In April 2020, we sent 2000 home sampling kits to the Stockholm population to measure antibodies against SARS-CoV-2 in dried blood22. The levels of IgM or IgG were determined using multiplexed bead-based assays that included multiple proteins representing the viral antigens. A population-based density cut-off of the antibody levels detected for the coronavirus spike and nucleocapsid proteins was used to classify the serostatus of each sample. Since not all individuals were diagnosed by PCR or experienced symptoms from the infection, we had only self-reported information about a diagnosed infection in one of the studies. For the other, we used only IgM and IgG to group participants into phases post-infection, as suggested by others32. In May 2021, a few months after vaccines against COVID-19 became available, we repeated the sample collection by sending a second set of 2000 home-sampling kits to populations in Stockholm and Gothenburg to determine the serostatus during the second year of the pandemic. Using their serostatuses, we selected representative subsets from our collections (N = 228) to perform protein profiling by PEA.

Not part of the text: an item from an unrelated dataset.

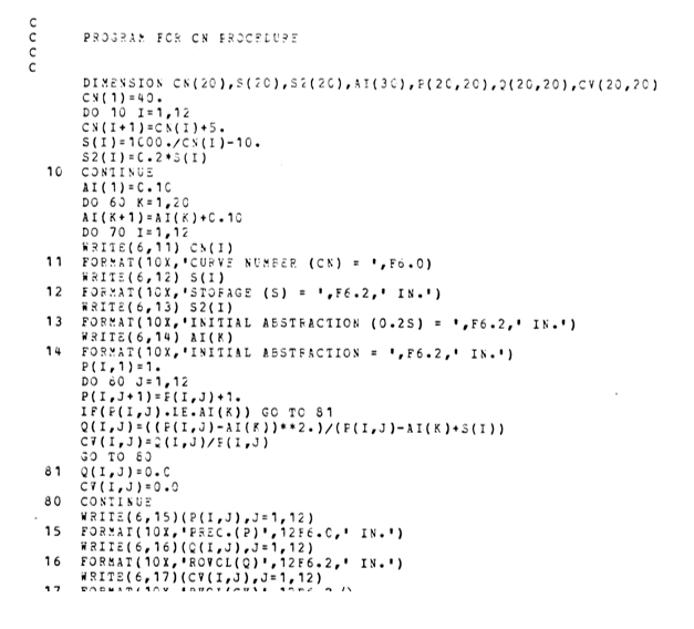 Background information on the derivation of the procedure can be found in a paper by Rallison and Cronshey (1979). In the mid-50s when the SCS CN procedure was developed, the only data available were daily precipitation and runoff records from agricultural watersheds and infiltration curves from infiltration studies. Rainfall versus Runoff (P vs Q) data were plotted. A grid of plotted CN for = 0.2S was then overlaid and the median CN selected. The values in the SCS NEH-4 manual (1971) represent the averages of median site values for hydrologic soil groups, land cover and hydrologic conditions. The SCS work involved considerable interpolation and extrapolation for different soil types and land cover. The rainfall versus runoff plots were also used to define enveloping CN for each site.

The first study (study 1) from April 2020 was collected during the pandemic’s first wave. It consisted of 83 DBS donors, among which 44 participants were selected based on their serological immune response (IgM+IgG+). These seropositive participants presented the peak of the immune response, which we determined by detecting IgG and IgM against multiple SARS-CoV-2 antigens. The group was matched with 37 seronegative individuals (IgMIgG) based on demographic traits and reported symptoms. There were no significant differences in self-reported symptoms, and only three subjects in the seropositive group reported severe symptoms (Table 1). The seropositive subjects of study 1 had only been exposed to the wild-type variant.

The second study (study 2), also collected in April 2020, included 66 participants representing the different phases of the serological immune response against the viral infection. The stratification was based on antibodies detected against the S proteins of SARS-CoV-2. We selected 26 individuals with signs of an acute immune response against the virus by being IgM seropositive only (IgM+IgG). This group was compared with 40 individuals without detectable IgM levels but being seropositive for IgG (IgMIgG+). The IgG+ group, annotated as having already passed the acute phase, was slightly older, but otherwise, there were no significant differences between the demographics and the reported symptoms (Table 2). The subjects in study 2 had only been exposed to the wild-type variant.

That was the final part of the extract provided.